Не знаю, задремала ли я или нет, раздумывая над этим, но в любом случае я забыла про сон, услышав смутный шум, непонятный и зловещий, который словно бы раздался прямо надо мной. Я пожалела, что погасила свечу. Ночь была непроницаемо черной, и на меня как будто навалилась какая-то тяжесть. Приподнявшись, я села на постели и прислушалась. Звуки стихли.
Я вновь попыталась уснуть, но сердце у меня тревожно билось, душевный покой уступил место смятению. Далеко внизу в прихожей часы пробили два раза. И тут же будто кто-то прикоснулся снаружи к моей двери, будто по филенке скользнули пальцы, нащупывая путь по темной галерее снаружи. Я спросила:
– Кто тут? – но никто не отозвался, и меня оледенил страх.
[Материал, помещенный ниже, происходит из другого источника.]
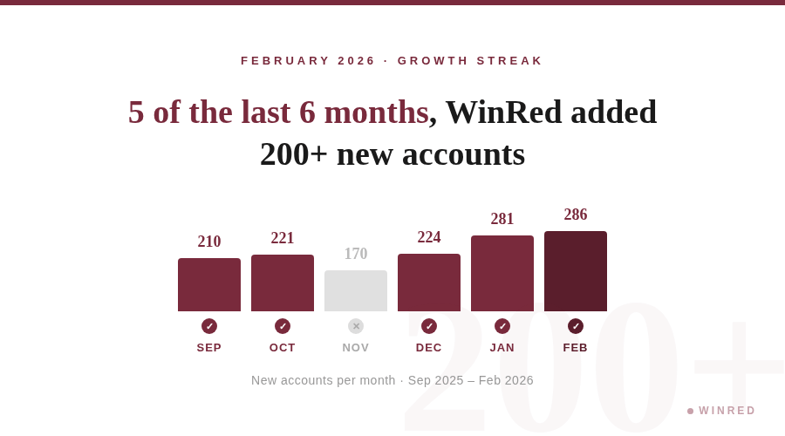 - February 2026 saw 286 new customers join the platform, more than any month in WinRed’s nearly 7-year history.
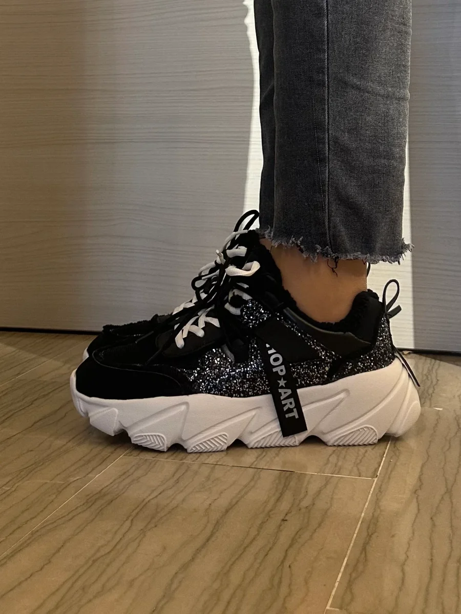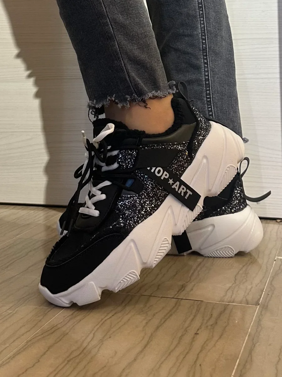 CHUNKY AMY SHOP ART SNEAKER NERA E BIANCA CON STRASS

Однако я тут же сообразила, что могла, конечно, слышать Лоцмана: когда кухонную дверь забывали ненароком закрыть, он имел обыкновение пробираться к дверям спальни мистера Рочестера. Я не раз по утрам видела, как он дремлет у его порога. Мысль эта немного меня успокоила, и я снова легла. Тишина действует на нервы умиротворяюще, и так как в доме вновь царило нерушимое безмолвие, я начала задремывать. Но в эту ночь мне не суждено было уснуть. Сон, едва начав смыкать мне вежды, опять испуганно бежал, устрашенный звуком, от которого и правда кровь стыла в жилах.
Это был демонический хохот – подавленный, придушенный, басистый. Прозвучал он, казалось, над самой моей замочной скважиной. Изголовье моей кровати было повернуто к двери, и мне было почудилось, будто хохочущая нечисть нагибается надо мной или, вернее, припала к моей подушке. Однако, вскочив и оглядевшись, я ничего не увидела; тут противоестественный хохот повторился, и я поняла, что раздается он за дверью. Первым моим побуждением было вскочить и задвинуть задвижку, а потом я вновь вскрикнула:
– Кто тут?
Что-то забулькало, застонало. Вскоре послышались шаги, удаляющиеся по галерее к лестнице на третий этаж – недавно в проеме перед лестницей повесили дверь. Я услышала, как она открылась, потом закрылась, и наступила тишина.
«Это была Грейс Пул? Она – бесноватая?» – подумала я и почувствовала, что не в силах долее оставаться в одиночестве. Поскорее к миссис Фэрфакс! Я торопливо надела платье, набросила на плечи шаль, отодвинула задвижку и дрожащей рукой приотворила дверь. Снаружи, совсем радом, горела свеча, поставленная на пол. Меня это удивило, но еще более я поразилась какой-то мгле в воздухе, словно коридор наполнялся дымом. Поворачивая голову вправо и влево, чтобы проследить, откуда тянутся эти голубые завивающиеся струи, я почувствовала сильный запах гари.